Some stones will pass spontaneously, some stones can be fragmented with lithotripsy, and other stones can be safely observed. However some stones do need to be removed by means of an operation. The decision to go ahead with surgery depends on a number of factors including symptoms and the risk of developing problems caused by the stone. The type of operation depends on the size and location of the stone(s). However, with modern techniques, and the latest technology at our disposal, stone surgery at Newcastle Urology is minimally invasive with a quick return to normal activities.
Contact: (0191) 213 7001 – Sister or Nurse in Charge, Ward 1, Freeman Hospital
Whilst the majority of small kidney stones can be treated using the shock wave machine (Lithotriptor), large stones are not suitable for this form of treatment and require removal by means of an operating telescope (PCNL).
There are other situations where relatively small kidney stones may require surgical treatment rather than Lithotripsy, for instance if the stone is difficult to see on x-ray or if it is particularly hard. Even if large kidney stones do not cause symptoms they still require treatment, as we know from experience that left untreated patients eventually run into difficulties.
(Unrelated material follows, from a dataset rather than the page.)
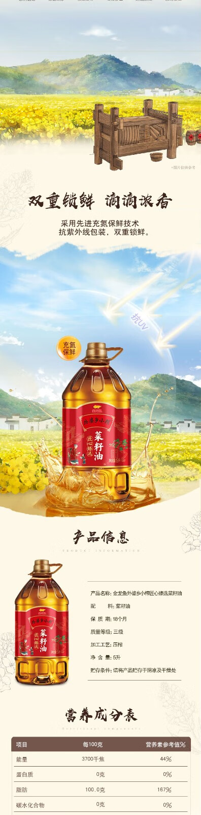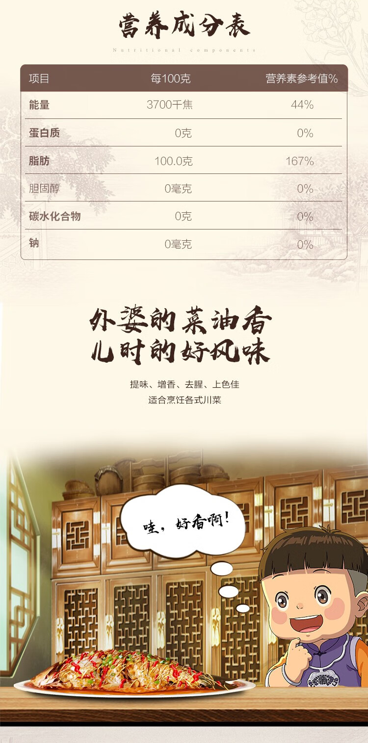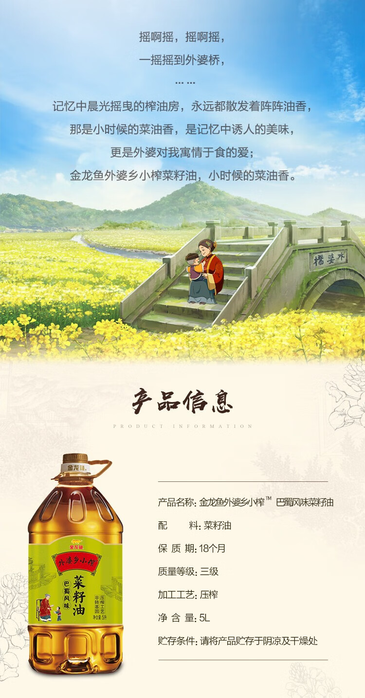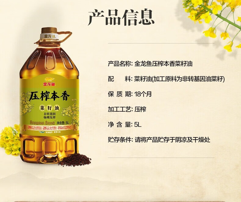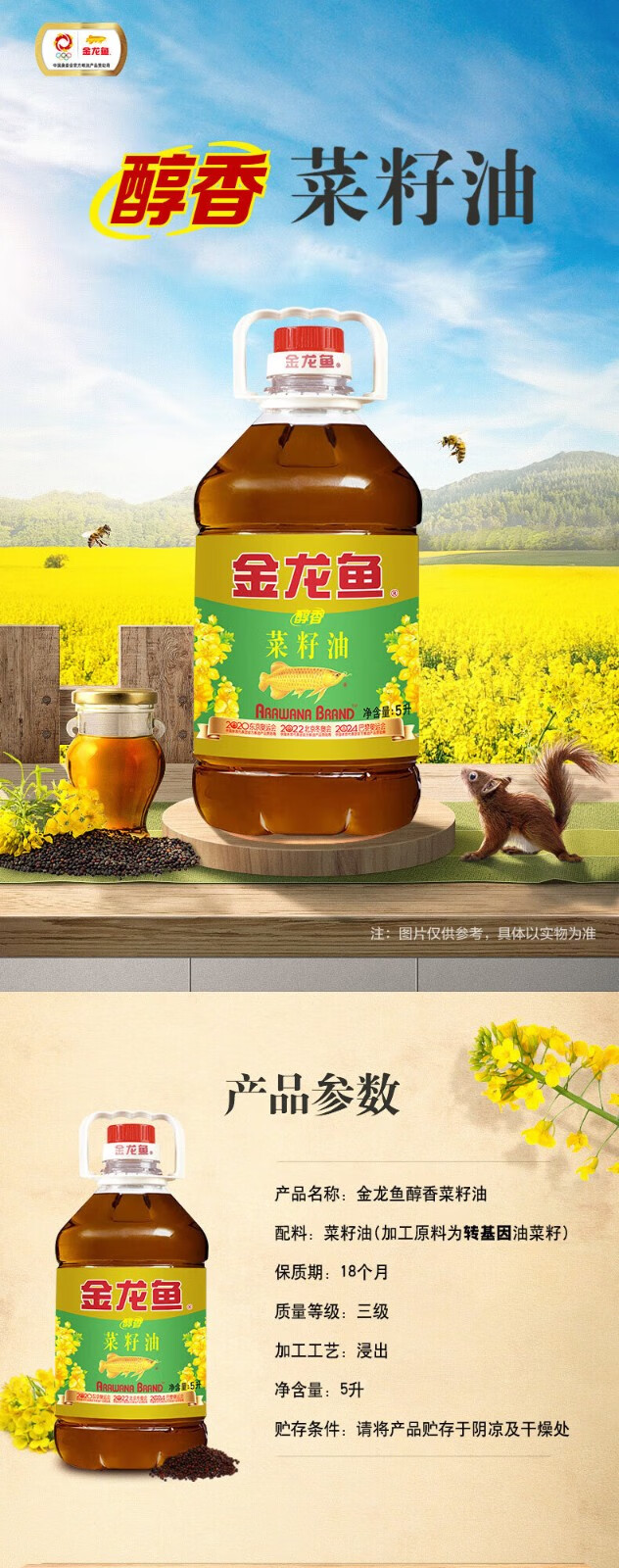 金龙鱼食用油 菜籽油 压榨本香菜籽油1.5L

To help the urologist to decide what is the best treatment for your kidney stones, x-rays will have been taken and these will have been reviewed by a team of urologists and radiologists (x-ray doctors). Your case will have been discussed to ensure there is general agreement that surgery is the correct form of treatment for your stone(s).
Routine urine and blood tests will have been taken from the clinic to ensure the kidneys are functioning normally and that there is no infection.
You need to be ready for a 5 day stay in hospital, although you may be able to leave after 2 or 3 days. You should anticipate a two week period of convalescence at home before you are able to get back to a full range of normal activities.
If you are taking blood thinning medication such as warfarin this will need to be discontinued prior to surgery. On the morning of the operation you change into a gown and you will be pushed to the operating room on a trolley. The anaesthetist will then put you to sleep, usually by an injection in the back of your hand.
The first part of the operation is to give you an anaesthetic (put you to sleep) so that you will not be aware of anything whilst the operation is being performed. The first step of the operation is to examine the bladder with a telescope and to pass a fine tube up the pipe with connects the kidney to the bladder (ureter).
A dye called contrast is then passed up the tube so that the kidney can be visualised using x-rays. This part of the procedure is performed whilst you are positioned on your back. You will then be rolled over so that you are lying on your front. One of the doctors will then place a very fine needle through the skin into the kidney and under x-ray guidance a track will then be stretched up around the needle so that an operating telescope can be introduced into the kidney. Once the stone has been identified it will be broken up and removed.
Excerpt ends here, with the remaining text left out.